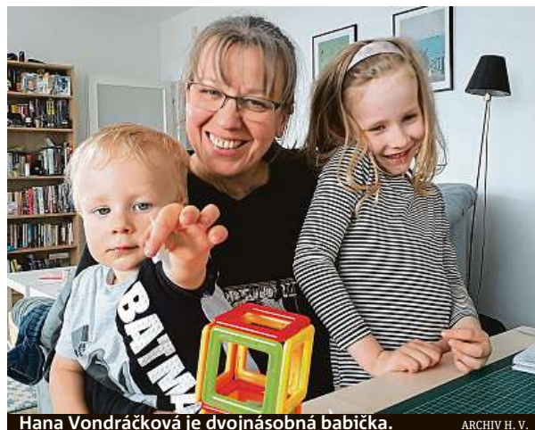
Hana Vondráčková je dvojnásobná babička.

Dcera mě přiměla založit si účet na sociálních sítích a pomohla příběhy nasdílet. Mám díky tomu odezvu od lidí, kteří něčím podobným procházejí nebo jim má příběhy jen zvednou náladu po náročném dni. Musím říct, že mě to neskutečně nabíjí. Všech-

==

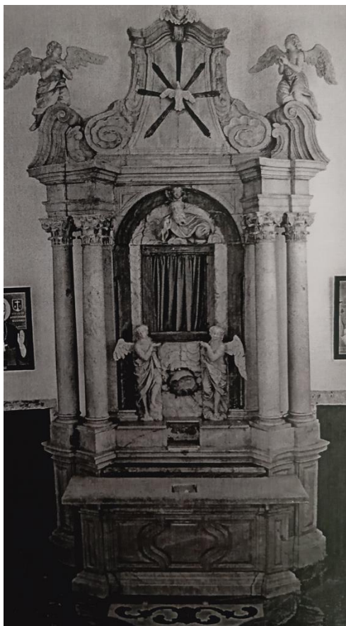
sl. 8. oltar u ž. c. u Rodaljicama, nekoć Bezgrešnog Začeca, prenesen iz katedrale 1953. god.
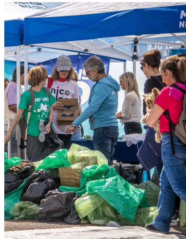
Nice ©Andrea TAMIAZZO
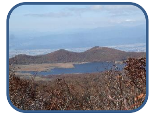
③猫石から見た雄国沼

* * *

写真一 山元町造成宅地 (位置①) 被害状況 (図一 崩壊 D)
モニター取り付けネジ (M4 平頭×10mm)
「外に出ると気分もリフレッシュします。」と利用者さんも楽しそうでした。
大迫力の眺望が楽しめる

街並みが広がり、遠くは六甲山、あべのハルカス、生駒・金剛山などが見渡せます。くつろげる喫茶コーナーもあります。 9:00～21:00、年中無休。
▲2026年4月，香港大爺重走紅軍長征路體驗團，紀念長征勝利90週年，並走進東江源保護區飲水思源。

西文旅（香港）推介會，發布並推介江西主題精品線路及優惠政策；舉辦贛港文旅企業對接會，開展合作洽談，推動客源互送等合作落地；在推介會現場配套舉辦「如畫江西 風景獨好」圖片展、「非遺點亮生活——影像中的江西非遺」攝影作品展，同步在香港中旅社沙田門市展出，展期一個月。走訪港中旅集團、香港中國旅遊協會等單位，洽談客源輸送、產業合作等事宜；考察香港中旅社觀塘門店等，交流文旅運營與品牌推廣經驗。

● Task description
In the listing above, locate the line containing "大迫力の眺望が楽しめる" and the line containing "西文旅（香港）推介會，發布並", then transcribe both and every line between them verbatim.

● Written response
大迫力の眺望が楽しめる

街並みが広がり、遠くは六甲山、あべのハルカス、生駒・金剛山などが見渡せます。くつろげる喫茶コーナーもあります。 9:00～21:00、年中無休。
▲2026年4月，香港大爺重走紅軍長征路體驗團，紀念長征勝利90週年，並走進東江源保護區飲水思源。

西文旅（香港）推介會，發布並推介江西主題精品線路及優惠政策；舉辦贛港文旅企業對接會，開展合作洽談，推動客源互送等合作落地；在推介會現場配套舉辦「如畫江西 風景獨好」圖片展、「非遺點亮生活——影像中的江西非遺」攝影作品展，同步在香港中旅社沙田門市展出，展期一個月。走訪港中旅集團、香港中國旅遊協會等單位，洽談客源輸送、產業合作等事宜；考察香港中旅社觀塘門店等，交流文旅運營與品牌推廣經驗。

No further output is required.